Create a workflow consisting of a message_generator feeding a file-log resource, which saves to a local file the content of the messages received, optionally adding a timestamp, with the following command:

ID=$(target/debug/edgeless_cli workflow start examples/file_log/workflow.json)

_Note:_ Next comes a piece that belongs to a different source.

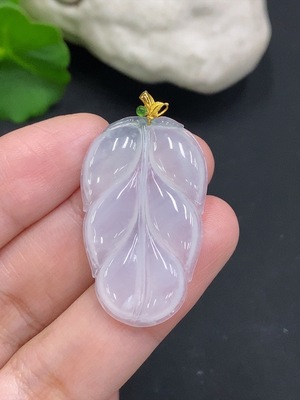 F35107056 Jadeite Leaf Pendant with 18k Gold Clasp, Total Weight Approximately 5g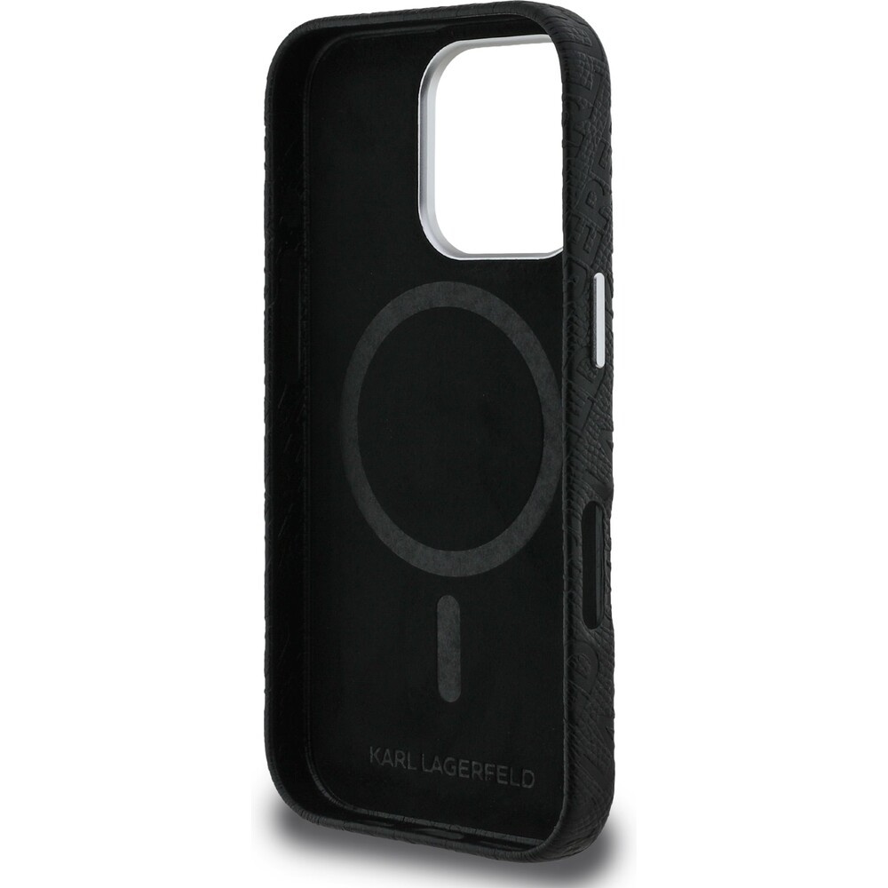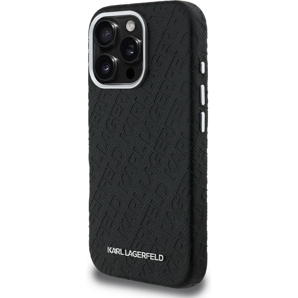 Karl Lagerfeld Grained PU Repeated Logo MagSafe kryt iPhone 16 Pro černý

In another shell you can see the content of my-local-file.log growing each second:

tail -f my-local-file.log

Example of output:

2024-12-12T11:56:30.023820+00:00 from node_id faaf87ba-9b46-4ff6-ac42-3fca12523128 function_id 597df9c4-db7f-4c5e-a716-bd8daeb7f480 [#0]: hello world
2024-12-12T11:56:31.061053+00:00 from node_id faaf87ba-9b46-4ff6-ac42-3fca12523128 function_id 597df9c4-db7f-4c5e-a716-bd8daeb7f480 [#1]: hello world
2024-12-12T11:56:32.285220+00:00 from node_id faaf87ba-9b46-4ff6-ac42-3fca12523128 function_id 597df9c4-db7f-4c5e-a716-bd8daeb7f480 [#2]: hello world
2024-12-12T11:56:33.287956+00:00 from node_id faaf87ba-9b46-4ff6-ac42-3fca12523128 function_id 597df9c4-db7f-4c5e-a716-bd8daeb7f480 [#3]: hello world
2024-12-12T11:56:34.460250+00:00 from node_id faaf87ba-9b46-4ff6-ac42-3fca12523128 function_id 597df9c4-db7f-4c5e-a716-bd8daeb7f480 [#4]: hello world

With the following command we can see the assignment of functions/resources to nodes:

target/debug/proxy_cli show node instances

Example output:

4595df5d-21c9-43a5-8b69-006b85eced96
[F] ed0b963e-d6ff-4d62-84dc-7de9a2175913
[R] 16668152-2a27-4632-a482-336096c1be44

From the output we can see that the function ed0b963e... has been assigned to node 4595df5d..., like the resource. Let us migrate the function to the other node:

target/debug/proxy_cli intent migrate \
  ed0b963e-d6ff-4d62-84dc-7de9a2175913 \
  faaf87ba-9b46-4ff6-ac42-3fca12523128

Running again:

target/debug/proxy_cli show node instances

We now see:

4595df5d-21c9-43a5-8b69-006b85eced96
[R] 16668152-2a27-4632-a482-336096c1be44
faaf87ba-9b46-4ff6-ac42-3fca12523128
[F] ed0b963e-d6ff-4d62-84dc-7de9a2175913

Note that the counter in my-local-file.log counter restarted from 0 upon migrating, because it is kept in a function-local state that is lost when the original function instance is terminated.